My eyes are getting bad so I made a line threader out of the same wire.The jig in pic is very small..Mark







[/IMG]


----------



## RyGuy525 (Mar 17, 2005)

The one to the far right looks awesome! I've never seen a design like that one. Great work.


----------



## mpatmcg (May 3, 2005)

Nice job! They all look great!

Might want to repost in this thread too:
http://www.michigan-sportsman.com/forum/showthread.php?t=120812

Mike


----------



## Burksee (Jan 15, 2003)

Very Cool! I might have to stop by Franks on my to/from TUT this weekend and pick some up! I was thinking about trying some guitar or piano string, I love the idea of looping it and attaching it via fly tying thread! Very clean looking!  

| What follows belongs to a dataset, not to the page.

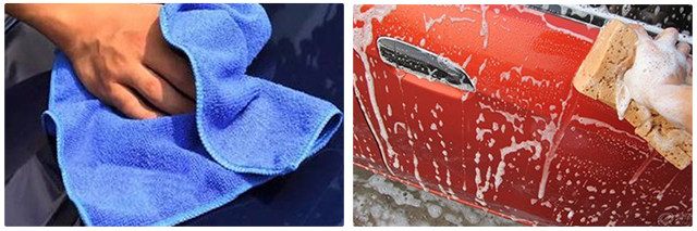 3.洗车最好用几块抹布(海绵),一块用来预清洗,一块用来打泡沫,一块擦干车身。分阶段使用,避免混用,担心预清洗后,抹布清洗不干净,颗粒砂石残留在抹布上面,后续使用的话会刮伤漆面,尤其深色车漆在阳光底下,细划痕尤为明显。

Walleye Mike has a "Inventions" for icefishing thread going as well, might wanna drop these in there too! :idea:


----------



## William H Bonney (Jan 14, 2003)

Thats very similiar to how I do mine. Except I bend it "up" and "off to the left a bit"


----------



## sfw1960 (Apr 7, 2002)

You can also use a coil spring from a retractable ball point pen with incredible sensitivity - just kinduva a pain to thread - but really great sensitivity....
Ya can also ch0p off the "eye" end of guitar & bass strings & have a hey day with those too 

Now your homebrews there.....
I'd rate those puppies partly to mostly sCHwEET!

:coolgleam

BTW - I see a Jiggin Rap in the backround !!!
LOL!!

:corkysm55

*R*


----------



## ficious (Aug 28, 2002)

Been using the flint spring from a Bic lighter for years, just heat shrink them to the tip.

Harry


----------